Proximal-PL Condition

Updated 27 December 2025

Proximal-PL condition is a regularity criterion for composite optimization that replaces the classical gradient-norm bound with a computable proximal-gradient residual.
It characterizes non-strongly convex and nonsmooth objectives, implying quadratic growth and error bounds even under weak convexity.
The condition underpins the convergence of proximal methods, including stochastic and variance-reduced variants, in modern optimization applications.

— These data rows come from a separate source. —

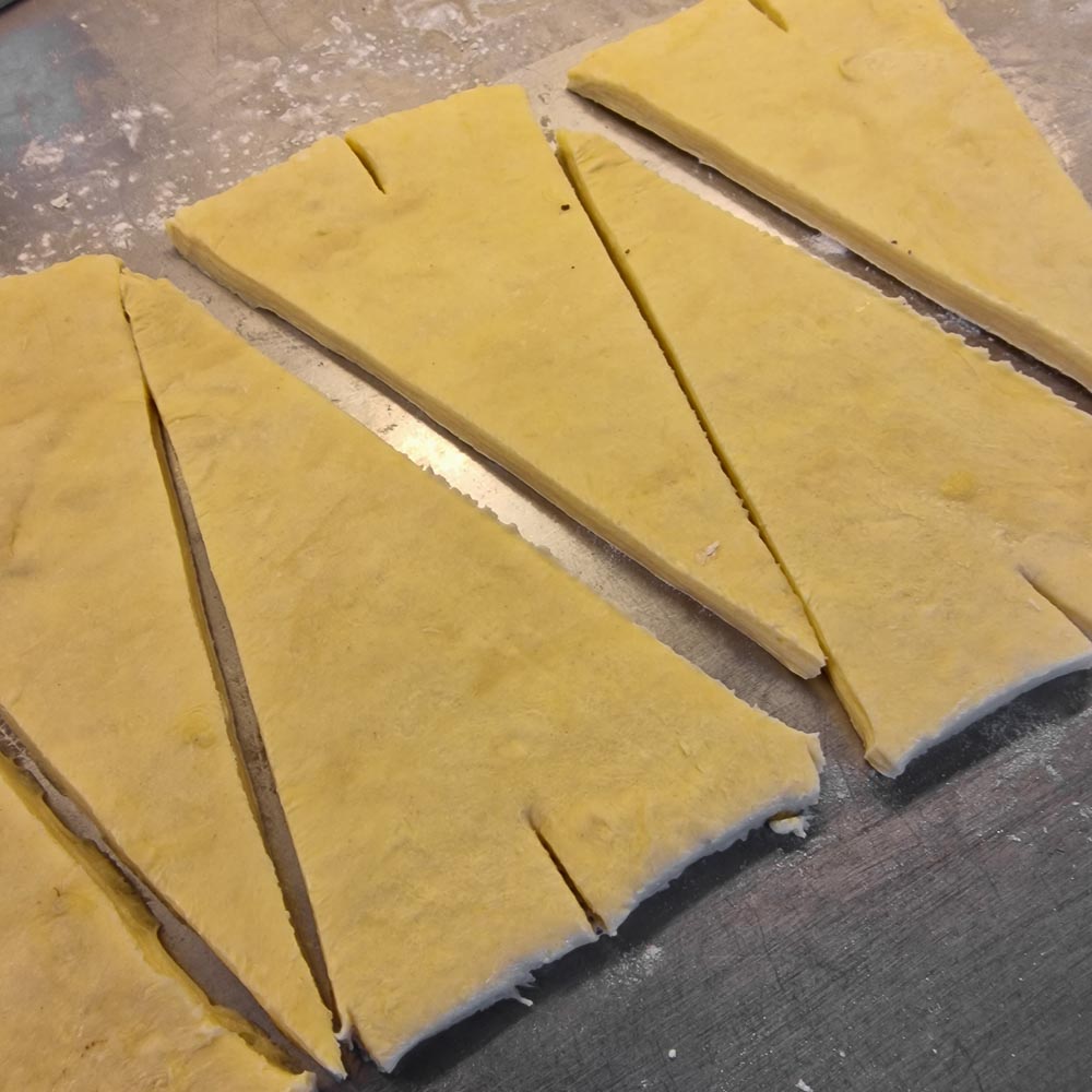 (10) Die Dreiecke so hinlegen, dass die Spitze nach hinten zeigt. An der kurzen Seite des Dreiecks jeweils 1.5 cm lang einschneiden. Leicht auseinander ziehen und mit beiden Händen zur Spitze hin aufrollen. Am Anfang mit leichtem Druck in die Breite stossend.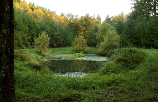 The design attempts to make the pond and residence a single entity in which the owners can enjoy and connect with the wild creatures that come to the water on both regular and varied schedules. To this end, the building of Douglas Fir and Cor-ten steel was placed as a bridge across the north end of the pond. The pond itself was enlarged and loosely ordered to integrate with the structure of the residence.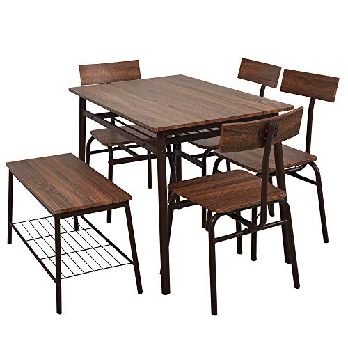 LUCKYERMORE 6 Piece Dining Room Table Set with Bench Compact Wooden Kitchen Table and 5 Chairs with Metal Legs Dinette…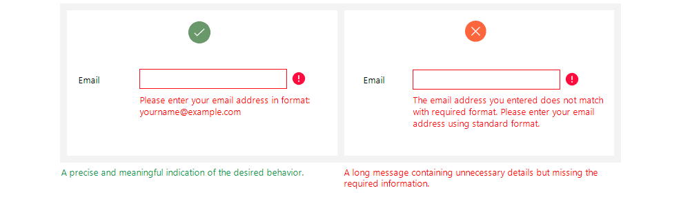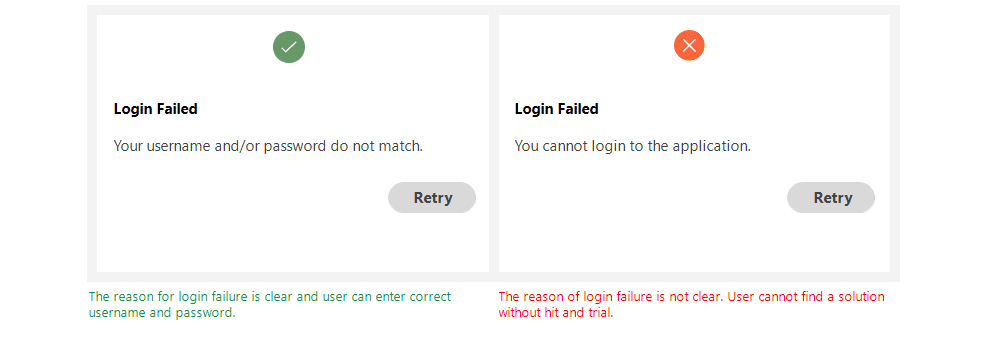 Error messages should provide only the necessary information, as users don’t have much time to read. Ensure the message clearly explains the issue and how to resolve it in a concise yet effective way.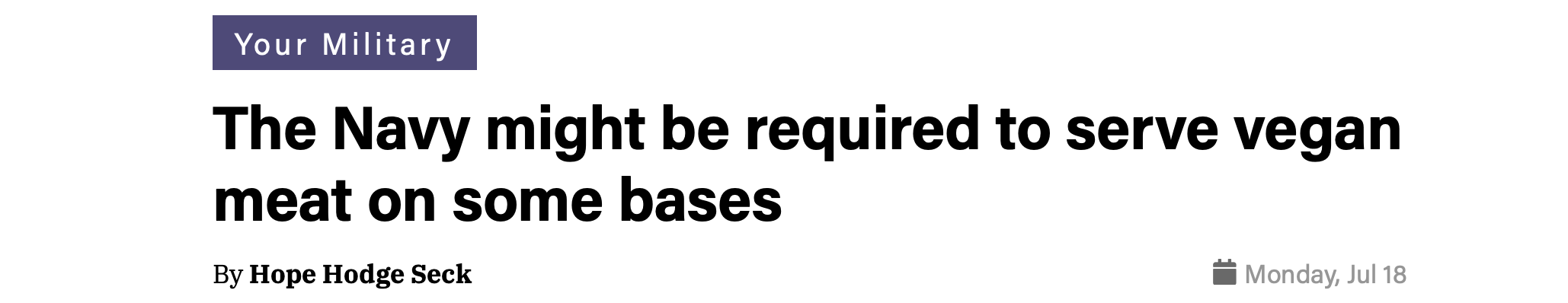 Think I’m crazy? Think it could never happen? Think people would never stand for a fake meat mandate? You’re wrong. Where do they always start these things? The MILITARY: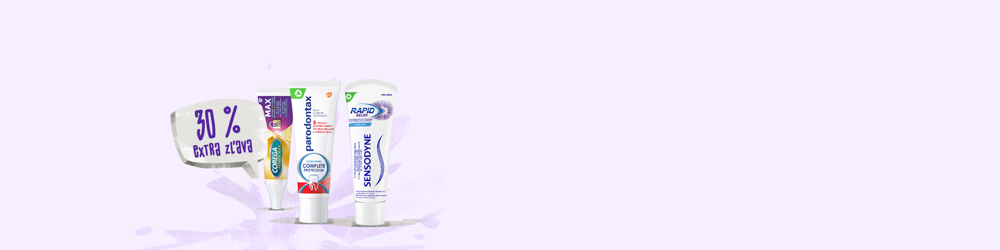 Teď rozdávame extra zľavu 30 % na všetky viacbalenia Sensodyne, Parodontax a Corega.Teď rozdávame extra zľavu 30 % na všetky viacbalenia Sensodyne, Parodontax a Corega.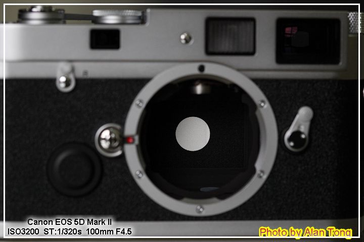 過片後, 測光才會啟動, 卸下鏡頭能看到反光區, 是中間的小圓點, 所以 Leica MP 的測光, 應屬中央測光.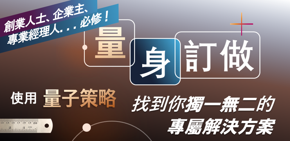 在多變的商業世界,企業主、主管、創業者的處境各不相同——沒有萬用公式。「量身訂做」一日工作坊以【量子策略】為核心,邀請你運用最新的【量子策略】工具,開啟一場探索自我與創新思維的旅程!

The Proximal-PL (Proximal Polyak–Łojasiewicz) Condition is a regularity criterion for composite optimization problems that generalizes the classical Polyak–Łojasiewicz (PL) inequality to settings with nonsmooth convex terms. It characterizes a broad class of non-strongly convex (and possibly nonconvex) objectives for which proximal gradient methods and their stochastic or variance-reduced counterparts enjoy global linear convergence rates. The Proximal-PL condition replaces the classical gradient-norm lower bound with a computable proximal-gradient residual or a model-based functional decrement, and plays a central role in contemporary convergence theory for first-order algorithms used in large-scale nonsmooth and weakly convex optimization.

1. Formal Definition of the Proximal-PL Condition

Let $F:\mathbb{R}^d \to \mathbb{R}\cup\{+\infty\}$ be a composite function

$F(x) = f(x) + h(x),$

where $f \in C^1$ has an $L$ -Lipschitz gradient and $h$ is closed, proper, and convex. For a step-size $\gamma > 0$ , define the proximal-gradient mapping (residual)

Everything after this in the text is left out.